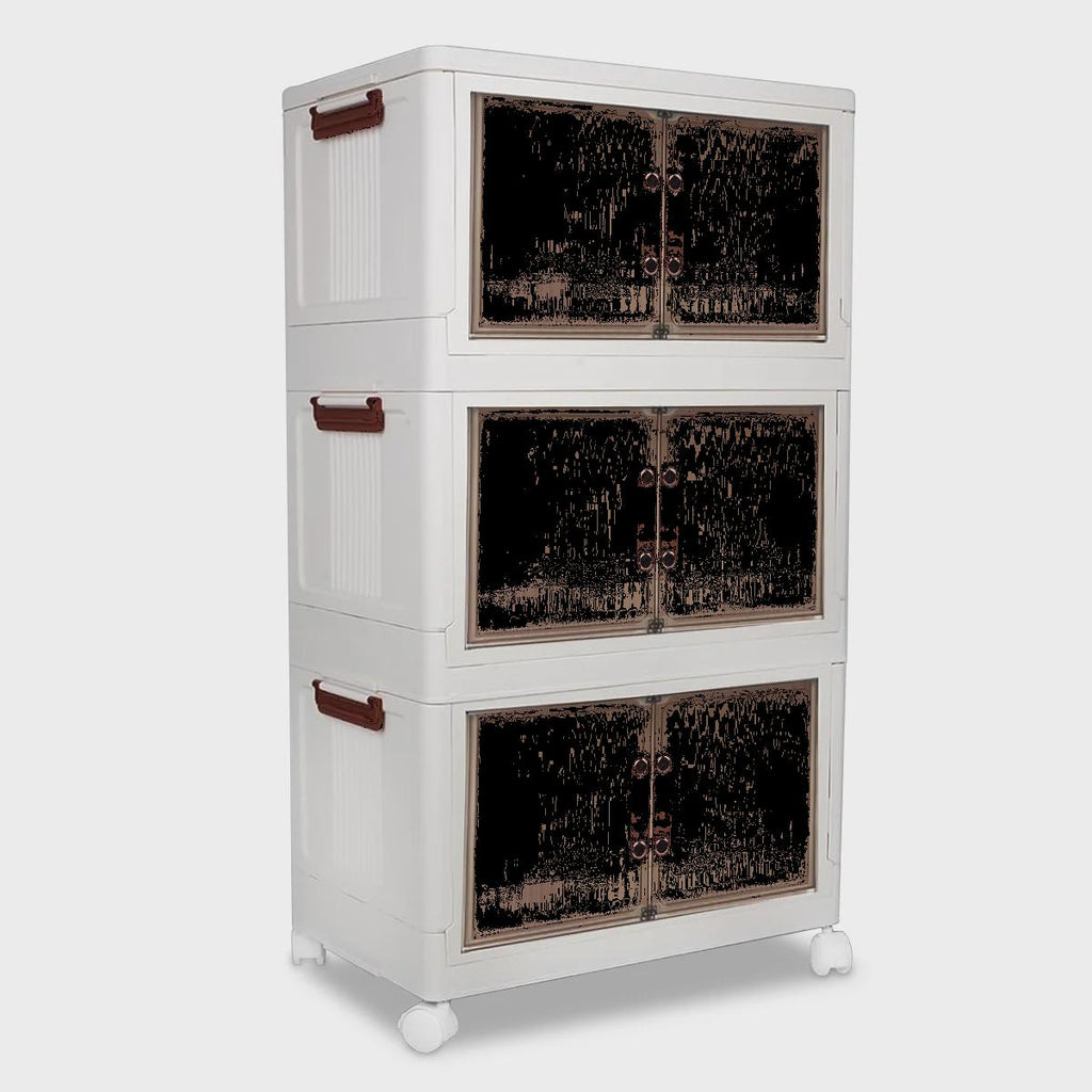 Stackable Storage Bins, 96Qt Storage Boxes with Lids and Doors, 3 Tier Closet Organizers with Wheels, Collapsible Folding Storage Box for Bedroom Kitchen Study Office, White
***
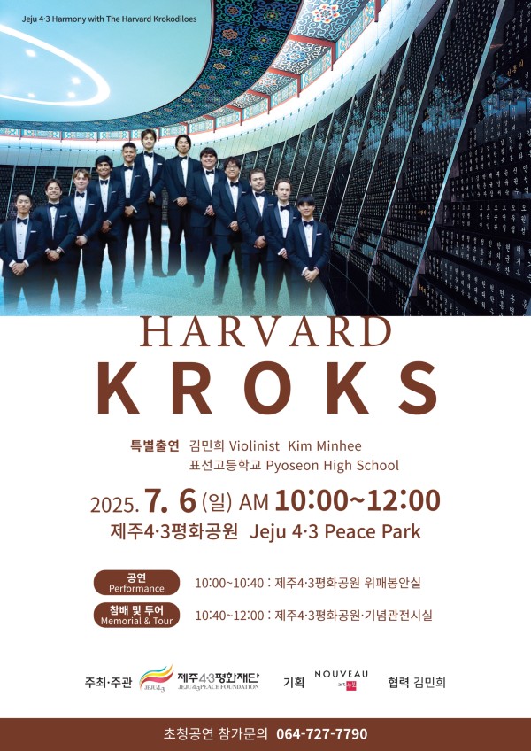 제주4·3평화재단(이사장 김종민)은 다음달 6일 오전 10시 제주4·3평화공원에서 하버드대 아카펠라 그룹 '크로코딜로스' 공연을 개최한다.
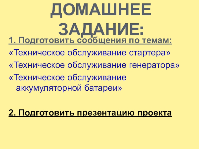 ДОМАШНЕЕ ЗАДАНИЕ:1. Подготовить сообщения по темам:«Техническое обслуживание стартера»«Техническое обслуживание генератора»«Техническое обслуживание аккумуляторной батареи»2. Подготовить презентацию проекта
***
WHAT YOU NEED TO DO = Look above for the line with "제주4·3평화재단(이사장 김종민)은 다음달", then print it and each line after it down to and including the line with "ДОМАШНЕЕ ЗАДАНИЕ:1. Подготовить". Leave out the pictures and keep the wording exact.

SOLUTION =
 제주4·3평화재단(이사장 김종민)은 다음달 6일 오전 10시 제주4·3평화공원에서 하버드대 아카펠라 그룹 '크로코딜로스' 공연을 개최한다.
 ДОМАШНЕЕ ЗАДАНИЕ:1. Подготовить сообщения по темам:«Техническое обслуживание стартера»«Техническое обслуживание генератора»«Техническое обслуживание аккумуляторной батареи»2. Подготовить презентацию проекта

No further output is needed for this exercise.